“The air of impossibility has been removed”: Realist Political Drama(dy) and the Trope of Becoming President

Authors

  • Antje Dallmann Humboldt-Universität zu Berlin

DOI:

https://doi.org/10.22439/asca.v52i2.6501

Keywords:

Popular culture, Presidential drama(dy), Political tv shows, Political fiction

Abstract

Over the past ten to fifteen years, film and TV culture have offered new and more complex negotiations of presidential politics through depictions of fictional American presidents. While in the past American popular culture celebrated the president as overwhelmingly positive, larger-than-life figure, recent representations have introduced more complex characters who face, or even trigger, complicated and morally ambiguous conflicts.

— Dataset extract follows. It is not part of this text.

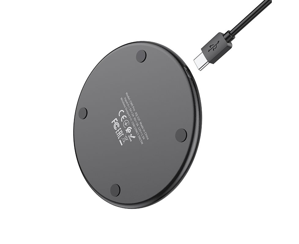 Новая мощная беспроводная зарядка для телефона Hoco CW6 Pro версия. Быстрая беспроводная зарядка выдает мощность в 15W, что позволяет оперативно зарядить ваш смартфон, часы и все что имеет функцию беспроводной зарядки. Беспроводное зарядное устройство имеет ультратонкий дизайн в диаметре всего 100мм и шириной в 8мм. В комплекте с блоком зарядки идет кабель разъемом USB Type C 1м.

This article investigates how The West Wing, House of Cards and Veep, three political TV shows, make use of the emerging trope of a brokered nomination convention in order to question one-dimensional fictional representations of the American president and presidential politics.

Author Biography

Antje Dallmann, Humboldt-Universität zu Berlin

Antje Dallmann serves as associated professor (Privatdozentin) at Humboldt-Universität zu Berlin. In her second book, she discusses medical romance in nineteenth-century US-America, while her dissertation investigates modern and postmodern city novels. Her interests also include intersectional approaches to research in American politics and fictional narration and family studies.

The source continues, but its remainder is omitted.